▶ _Task to carry out_: Set down exactly the lines in the records below that run from the line with "Puzzle shaped ProPlay" to the line with "Figure 3. Island", inclusive, and nothing more.

────────

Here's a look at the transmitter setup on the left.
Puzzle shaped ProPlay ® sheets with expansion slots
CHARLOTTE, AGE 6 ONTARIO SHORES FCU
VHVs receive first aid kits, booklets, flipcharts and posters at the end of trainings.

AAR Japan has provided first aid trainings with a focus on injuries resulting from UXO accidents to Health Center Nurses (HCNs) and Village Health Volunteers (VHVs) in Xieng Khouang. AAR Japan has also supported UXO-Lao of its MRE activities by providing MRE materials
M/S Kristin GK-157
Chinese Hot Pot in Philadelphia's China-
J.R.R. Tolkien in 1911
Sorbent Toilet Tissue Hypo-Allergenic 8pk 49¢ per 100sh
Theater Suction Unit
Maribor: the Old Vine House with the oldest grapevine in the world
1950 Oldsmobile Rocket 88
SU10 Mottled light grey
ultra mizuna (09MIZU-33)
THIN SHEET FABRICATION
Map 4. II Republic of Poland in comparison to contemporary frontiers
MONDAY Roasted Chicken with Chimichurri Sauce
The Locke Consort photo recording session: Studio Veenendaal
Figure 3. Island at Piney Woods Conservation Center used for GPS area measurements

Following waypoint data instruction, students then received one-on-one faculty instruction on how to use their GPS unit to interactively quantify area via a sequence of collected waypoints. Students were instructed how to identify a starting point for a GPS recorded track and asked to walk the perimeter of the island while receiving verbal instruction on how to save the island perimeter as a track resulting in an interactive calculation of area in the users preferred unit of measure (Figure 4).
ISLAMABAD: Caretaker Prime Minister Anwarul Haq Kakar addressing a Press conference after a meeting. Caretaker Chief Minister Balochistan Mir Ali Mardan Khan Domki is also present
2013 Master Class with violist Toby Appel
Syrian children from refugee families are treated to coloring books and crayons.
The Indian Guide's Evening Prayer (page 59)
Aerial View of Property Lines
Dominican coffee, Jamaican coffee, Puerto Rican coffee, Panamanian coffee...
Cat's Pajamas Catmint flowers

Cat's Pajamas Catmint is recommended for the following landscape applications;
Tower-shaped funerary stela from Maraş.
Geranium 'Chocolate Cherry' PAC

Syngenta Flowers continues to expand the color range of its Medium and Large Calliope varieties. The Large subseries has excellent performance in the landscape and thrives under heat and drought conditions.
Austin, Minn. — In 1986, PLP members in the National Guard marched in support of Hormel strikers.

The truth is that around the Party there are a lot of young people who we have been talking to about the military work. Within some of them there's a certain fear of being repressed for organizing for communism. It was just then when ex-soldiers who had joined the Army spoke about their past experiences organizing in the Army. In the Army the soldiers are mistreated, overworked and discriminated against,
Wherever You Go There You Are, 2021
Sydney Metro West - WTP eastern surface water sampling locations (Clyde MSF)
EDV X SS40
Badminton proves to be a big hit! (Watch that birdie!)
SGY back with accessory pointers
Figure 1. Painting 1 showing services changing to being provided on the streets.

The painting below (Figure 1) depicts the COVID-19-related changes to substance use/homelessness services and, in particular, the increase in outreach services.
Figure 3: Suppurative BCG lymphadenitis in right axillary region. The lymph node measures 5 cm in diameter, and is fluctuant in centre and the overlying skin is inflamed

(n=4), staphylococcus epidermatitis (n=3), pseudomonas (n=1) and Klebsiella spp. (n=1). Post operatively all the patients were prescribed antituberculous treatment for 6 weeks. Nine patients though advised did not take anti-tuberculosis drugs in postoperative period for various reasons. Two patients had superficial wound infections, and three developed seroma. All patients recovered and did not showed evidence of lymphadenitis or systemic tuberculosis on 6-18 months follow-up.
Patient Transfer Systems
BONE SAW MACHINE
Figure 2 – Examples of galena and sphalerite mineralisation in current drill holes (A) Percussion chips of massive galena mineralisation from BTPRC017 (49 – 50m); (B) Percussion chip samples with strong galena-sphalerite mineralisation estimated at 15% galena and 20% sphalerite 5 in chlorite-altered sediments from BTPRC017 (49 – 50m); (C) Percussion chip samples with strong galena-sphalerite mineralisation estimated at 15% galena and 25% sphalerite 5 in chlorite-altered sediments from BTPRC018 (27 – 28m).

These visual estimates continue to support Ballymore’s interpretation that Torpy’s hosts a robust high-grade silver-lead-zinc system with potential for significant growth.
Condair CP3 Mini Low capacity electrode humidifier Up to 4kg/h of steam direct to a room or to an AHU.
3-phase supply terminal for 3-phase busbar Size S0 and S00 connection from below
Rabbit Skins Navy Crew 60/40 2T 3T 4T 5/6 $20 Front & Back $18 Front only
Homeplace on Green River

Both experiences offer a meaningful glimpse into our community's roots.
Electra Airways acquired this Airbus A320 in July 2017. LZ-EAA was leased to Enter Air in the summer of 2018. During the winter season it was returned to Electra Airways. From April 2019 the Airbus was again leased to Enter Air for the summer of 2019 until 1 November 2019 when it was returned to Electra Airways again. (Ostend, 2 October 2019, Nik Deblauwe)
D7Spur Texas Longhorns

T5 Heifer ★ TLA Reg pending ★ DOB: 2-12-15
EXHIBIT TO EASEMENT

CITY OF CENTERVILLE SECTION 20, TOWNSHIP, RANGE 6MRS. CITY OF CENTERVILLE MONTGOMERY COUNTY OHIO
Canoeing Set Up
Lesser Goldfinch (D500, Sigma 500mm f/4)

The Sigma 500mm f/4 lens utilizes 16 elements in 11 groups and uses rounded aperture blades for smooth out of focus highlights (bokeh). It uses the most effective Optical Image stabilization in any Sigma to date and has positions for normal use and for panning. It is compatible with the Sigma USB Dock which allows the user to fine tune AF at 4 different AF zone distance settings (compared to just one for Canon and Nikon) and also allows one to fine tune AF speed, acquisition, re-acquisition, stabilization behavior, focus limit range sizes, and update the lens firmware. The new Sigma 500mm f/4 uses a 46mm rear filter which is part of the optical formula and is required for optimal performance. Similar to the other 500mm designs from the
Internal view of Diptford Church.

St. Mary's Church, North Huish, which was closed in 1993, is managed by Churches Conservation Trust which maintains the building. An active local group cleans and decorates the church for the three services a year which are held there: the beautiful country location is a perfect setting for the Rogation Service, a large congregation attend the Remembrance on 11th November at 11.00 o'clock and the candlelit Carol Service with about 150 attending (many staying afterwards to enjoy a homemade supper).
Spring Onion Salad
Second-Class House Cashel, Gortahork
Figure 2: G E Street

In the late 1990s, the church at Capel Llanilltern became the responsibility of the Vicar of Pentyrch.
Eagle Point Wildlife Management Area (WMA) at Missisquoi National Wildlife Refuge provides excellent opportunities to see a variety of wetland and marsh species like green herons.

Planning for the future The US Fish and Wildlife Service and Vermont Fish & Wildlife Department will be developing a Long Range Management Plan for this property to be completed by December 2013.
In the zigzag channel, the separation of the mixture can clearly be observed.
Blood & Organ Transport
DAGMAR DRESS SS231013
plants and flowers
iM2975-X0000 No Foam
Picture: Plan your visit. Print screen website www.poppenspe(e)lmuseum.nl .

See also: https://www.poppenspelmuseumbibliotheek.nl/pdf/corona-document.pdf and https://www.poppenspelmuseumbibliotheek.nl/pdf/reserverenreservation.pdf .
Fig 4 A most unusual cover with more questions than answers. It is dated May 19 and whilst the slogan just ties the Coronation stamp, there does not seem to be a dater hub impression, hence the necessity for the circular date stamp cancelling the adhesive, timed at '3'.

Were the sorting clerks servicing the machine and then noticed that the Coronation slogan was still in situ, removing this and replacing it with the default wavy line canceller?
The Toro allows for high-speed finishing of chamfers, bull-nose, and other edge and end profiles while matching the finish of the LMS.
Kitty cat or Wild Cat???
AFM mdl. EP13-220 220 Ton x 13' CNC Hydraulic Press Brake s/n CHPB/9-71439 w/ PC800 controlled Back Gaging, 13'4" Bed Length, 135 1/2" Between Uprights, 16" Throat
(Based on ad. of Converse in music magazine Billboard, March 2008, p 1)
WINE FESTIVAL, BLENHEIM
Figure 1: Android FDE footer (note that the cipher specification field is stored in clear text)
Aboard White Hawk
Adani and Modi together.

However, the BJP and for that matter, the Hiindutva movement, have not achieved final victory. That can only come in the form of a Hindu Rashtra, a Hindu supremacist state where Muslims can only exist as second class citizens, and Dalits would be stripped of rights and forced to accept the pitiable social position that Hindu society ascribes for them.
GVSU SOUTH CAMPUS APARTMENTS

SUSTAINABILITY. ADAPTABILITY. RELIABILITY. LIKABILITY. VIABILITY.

────────

▶ _Solution to the problem_:
Puzzle shaped ProPlay ® sheets with expansion slots
CHARLOTTE, AGE 6 ONTARIO SHORES FCU
VHVs receive first aid kits, booklets, flipcharts and posters at the end of trainings.

AAR Japan has provided first aid trainings with a focus on injuries resulting from UXO accidents to Health Center Nurses (HCNs) and Village Health Volunteers (VHVs) in Xieng Khouang. AAR Japan has also supported UXO-Lao of its MRE activities by providing MRE materials
M/S Kristin GK-157
Chinese Hot Pot in Philadelphia's China-
J.R.R. Tolkien in 1911
Sorbent Toilet Tissue Hypo-Allergenic 8pk 49¢ per 100sh
Theater Suction Unit
Maribor: the Old Vine House with the oldest grapevine in the world
1950 Oldsmobile Rocket 88
SU10 Mottled light grey
ultra mizuna (09MIZU-33)
THIN SHEET FABRICATION
Map 4. II Republic of Poland in comparison to contemporary frontiers
MONDAY Roasted Chicken with Chimichurri Sauce
The Locke Consort photo recording session: Studio Veenendaal
Figure 3. Island at Piney Woods Conservation Center used for GPS area measurements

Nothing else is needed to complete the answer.